Соблазн занять место единоличного лидера и мирового гегемона очевиден. Как очевиден и провал всех акций, предпринимавшихся под стать этому статусу. Исчерпывающая характеристика силовым действиям США периода квазиоднополярного мира дана еще Филиппом Македонским: "Афиняне умеют побеждать, но не умеют выигрывать". Американцы победили Саддама в Ираке, но в результате этой победы агрессивный исламский фундаментализм только выиграл и усилился на порядок. Американцы победили талибов в Афганистане, но в результате этой победы один из важнейших источников финансирования агрессивного исламского фундаментализма - нелегальная торговля наркотиками - вырос на порядок.

Демократии нет и в помине - ни в Ираке, ни в Афганистане, ни в Косове. По той простой причине, что у американцев нет рецептов ее формирования в "горячих" точках и депрессивных регионах. И не только в них. Реабилитация в некоторых странах Прибалтики откровенно неонацистских организаций - это позор и вызов не только Европейскому союзу, но и демократической субстанции внешней политики США.

Как Россия в виде Советского Союза упустила уникальные возможности, которые давал ей статус сверхдержавы, так и США уже в значительной степени не только растратили преимущества, которые давал им однополярный мир, но, совсем как СССР в свое время, хоть и на других треках, обратили это свое лидирующее положение себе же во вред. Конец квазиоднополярного мира уже виден - близко время, когда Китай и Индия встанут во весь рост, конвертируя свои экономические потенциалы в политическое влияние и военную мощь.
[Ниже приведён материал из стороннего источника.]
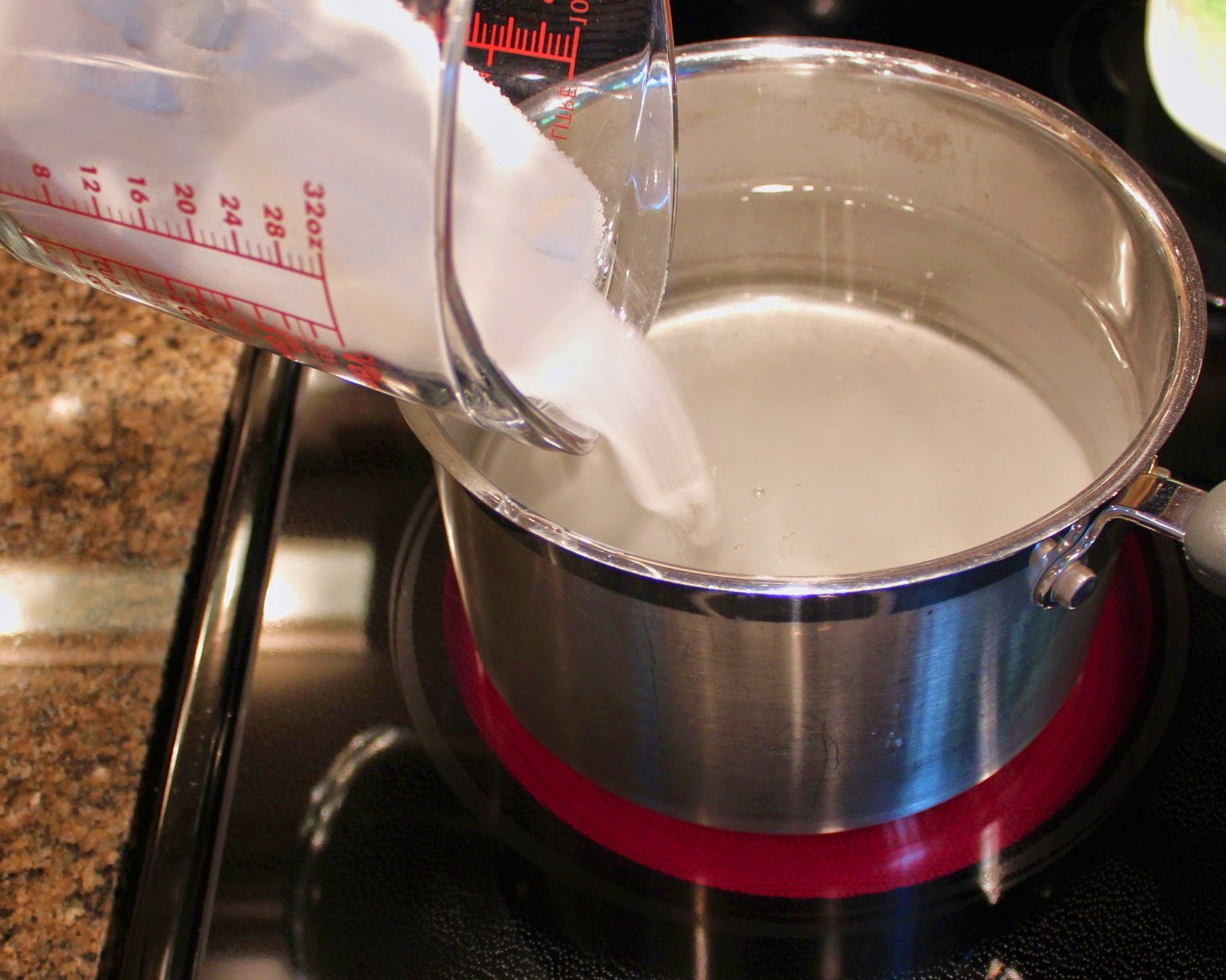 Begin by making a simple syrup with about 4 cups of water and the sugar. Slowly heat the water and pour the sugar in. Stir frequently until the sugar dissolves. Don’t let it burn. Once the sugar has dissolved, turn off the burner and set the pot aside.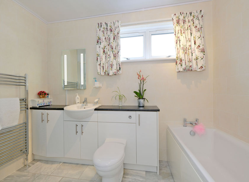 A good sized family bathroom located on the ground floor is fitted with a white suite comprising vanity unit housing the w/c and wash hand basin, bath and separate aqua lined shower enclosure housing a MIRA shower. Fully tiled throughout and ceramic tiled floor. Opaque window to the side.

Собственно, однополярного мира как такового и не было, поскольку он невозможен в принципе - как в доглобализационный период, так и в условиях глобализации. Тем не менее иллюзия мирового господства и вседозволенности имела крайне негативное фактическое воздействие на международные отношения, приводя к их масштабной дестабилизации и эскалации насилия.

Парадокс: стремясь заполнить вакуум силы, НАТО из регионального военно-политического блока со стабилизирующими функциями превратилось в глобального экспортера нестабильности.

С другой стороны, в свете вышеприведенного институционального анализа не вызывает удивления и фактическое единоначалие США при решении субстантивных вопросов в рамках блока, равно как обретение им "модульного" характера, обеспечивающего гибкость задействования возможностей альянса именно при проведении наступательных операций.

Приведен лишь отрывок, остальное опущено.